South Ossetian President Alan Gagloyev has signed a decree suspending a planned referendum on the annexation of South Ossetia by Russia, South Ossetian state-news agency RES has reported.

According to RES, Gagloyev’s decree cited ‘the inadmissibility of a unilateral decision of a referendum on issues affecting the legitimate rights and interests of the Russian Federation’.

The referendum was called by then–President Anatoly Bibilov on 13 May, just days after he was defeated by Gagloyev in the polls but before Gagloyev’s inauguration. It was due to be held on 17 July.

Senior Russian officials have distanced themselves from the proposals, with Kremlin spokesperson Dimitry Peskov insisting earlier in May that ‘no steps’ had been taken or were planned from the Russian side to admit South Ossetia into the Russian Federation. He also called the initiative ‘legally underdeveloped’.

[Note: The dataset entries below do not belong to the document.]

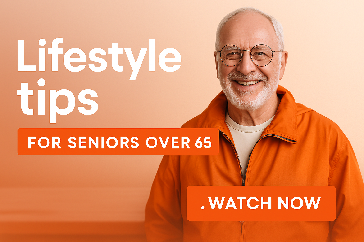 /Collection: /by davooda/Type: PNG/A smiling senior man wearing an orange jacket showcases lifestyle tips for seniors over 65. The clean, gradient background enhances the focus on him and the call-to-action.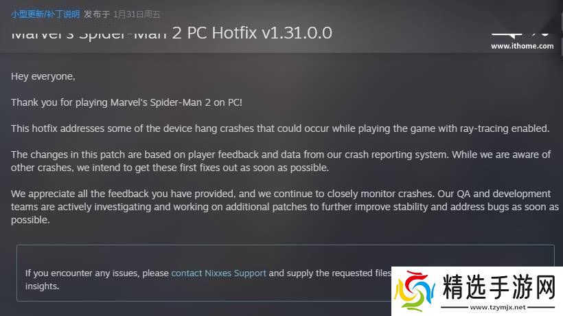 面对玩家的不满与反馈,游戏官方迅速响应,于今日凌晨紧急推送了 v1.31.0.0 热更新补丁。此次更新主要修复了在启用光线追踪技术时可能导致的游戏崩溃问题,有效提升了游戏的稳定性。同时,官方也表示已注意到其他多种原因引发的崩溃情况,并承诺将积极展开调查,尽快发布新的修复补丁,以全面优化玩家体验。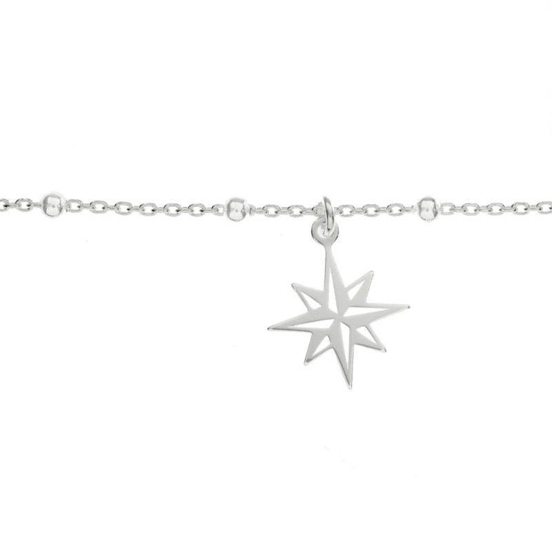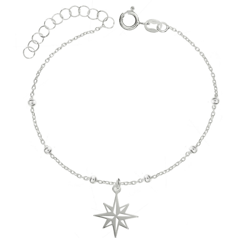 Pulsera ajustable con cadena de bolitas y colgante rosa de los vientos fabricada en Plata de 1ª Ley 925.

Bibilov had made the referendum issue a central part of his election campaign, while Gagloyev had expressed scepticism about doing so without agreement from Moscow.

South Ossetian constitutional law guarantees citizens the right to call a referendum, and both the Central Election Commission and Supreme Court had upheld the validity of Bibilov’s proposal.

However, in the decree signed on Monday evening, Gagloyev argued that there was an ‘uncertainty of the legal consequences of the issue’ being put to the vote.

The decree announced that consultations would be held with Moscow on further integrating South Ossetia into Russia, noting that the president ‘fully [supported] the initiative of the citizens of the Republic of South Ossetia on further integration [of South Ossetia and Russia]’.

According to the decree, a delegation will be sent to Russia headed by Gagloyev and including the heads of the Central Elections Commission and Supreme Court, as well as the foreign minister and chair of parliament.

South Ossetia is recognised by all but five UN Member States as being part of Georgia, which has vehemently insisted that any referendum would be illegal.

 For ease of reading, we choose not to use qualifiers such as ‘de facto’, ‘unrecognised’, or ‘partially recognised’ when discussing institutions or political positions within Abkhazia, Nagorno-Karabakh, and South Ossetia. This does not imply a position on their status.